Do you have a link to this plugin? There may be better APIs to use depending on what exactly you are doing.

dnusbaum Thank you for your response.

I'm not reusing checkouts and I'm still think the pipeline should have access to it's files. Is that not the reason to do a Non-Lightweight-Checkout?

Yes, I'm running the builds on the controller - like - in my experience - most users do. All the security things are no issue for many companies using Jenkins because in many cases the users managing/setting up the Jenkins are the same users defining/running the build scripts. I understand that it is necessery to support the secured setups but forcing the customers to use the more complex/expensive setup with controller and nodes is the wrong direction.

Nevertheless the action I do (find out version numbers of artifacts) that needs access to the files is for my understanding somthing that in fact should run on the controller.

Would it be possible to provide an variable or environment variable in the pipeline containing the information about the checkout directory? 

Hint: Temporary workaround I started to use: Manually create in each workspace symbolic links for the files needed during execution in the @script directory pointing to the file in the directory with the random name.

My organization's problem with the random directory name is primarily the length of the name. Our controller cannot do a lightweight checkout of the repo so it creates non lightweight checkout on the controller and then runs the job on a node. But since our controller runs on Windows and the hash directory is 65 chars long we hit the maximum path length in Windows and cannot complete the checkout. (Large repo with several layers of directories.)

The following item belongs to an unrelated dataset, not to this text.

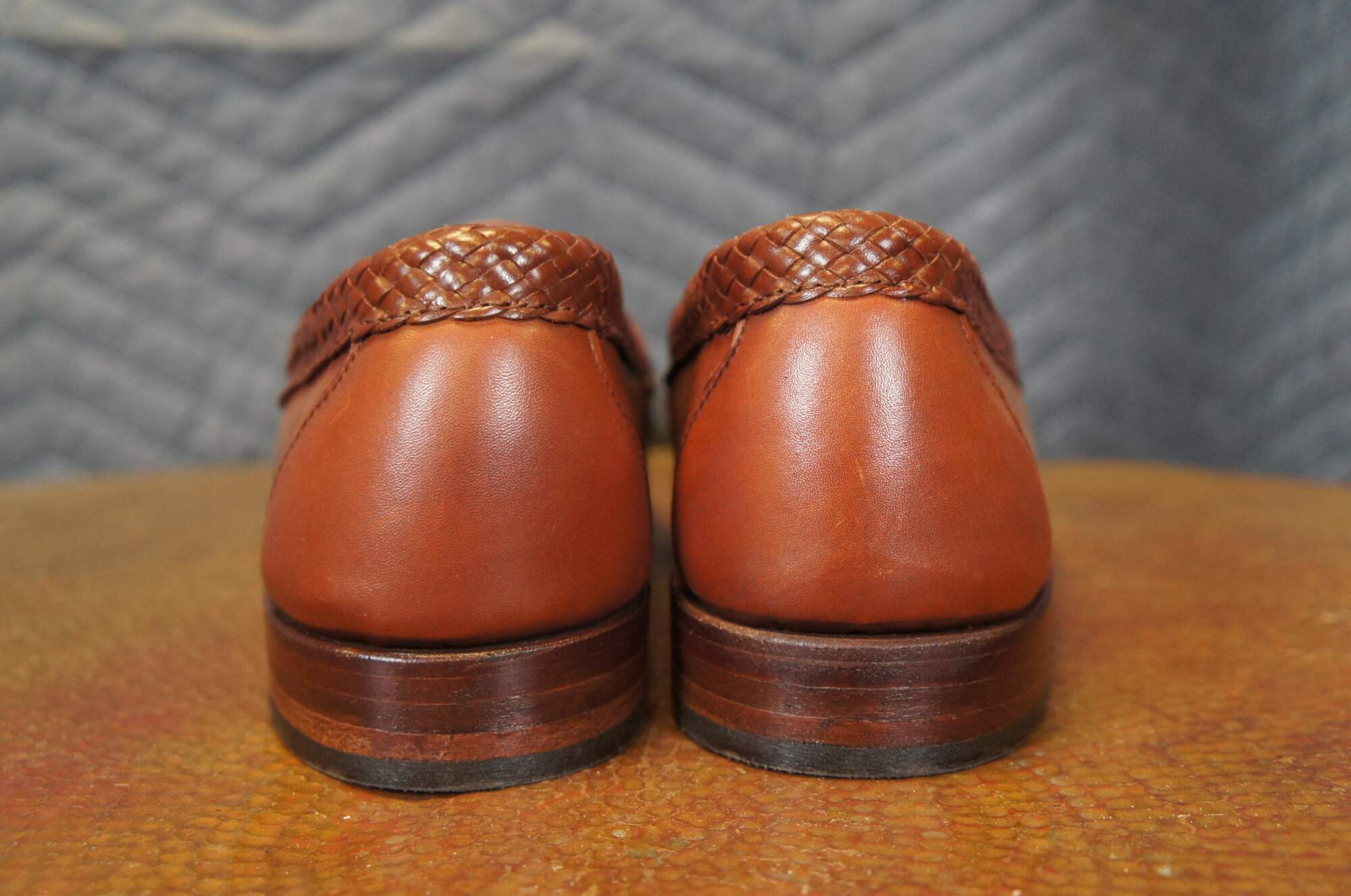 Vintage Allen Edmonds Maxfield Chili brown leather driving loafers / shoes with woven trime and double tassels. Slip on. 12 - 2A - 47716 - 24306. Made in USA of Imported Materials.

I guess we can do a workaround and skip checking out via Jenkins git and do it by script/build step, but it doesn't really feel right...

My workaround: when using a declarative pipeline instead of a scripted pipeline, Jenkins will also checkout the script repo into your workspace. This way, the auto generated sub dir can be ignored. So you can just import your libs using:

def myVar = load "./<path_to_script>";

Instead of:

def rootDir = pwd();
def myVar = load "${rootDir}@script/<path_to_script>";

the length of the name. Our controller cannot do a lightweight checkout of the repo

Sounds like JENKINS-67836.

See this comment for discussion of some supported alternatives if the related changes break your use case.

See JENKINS-67836 if the length of the directory names is causing issues for you.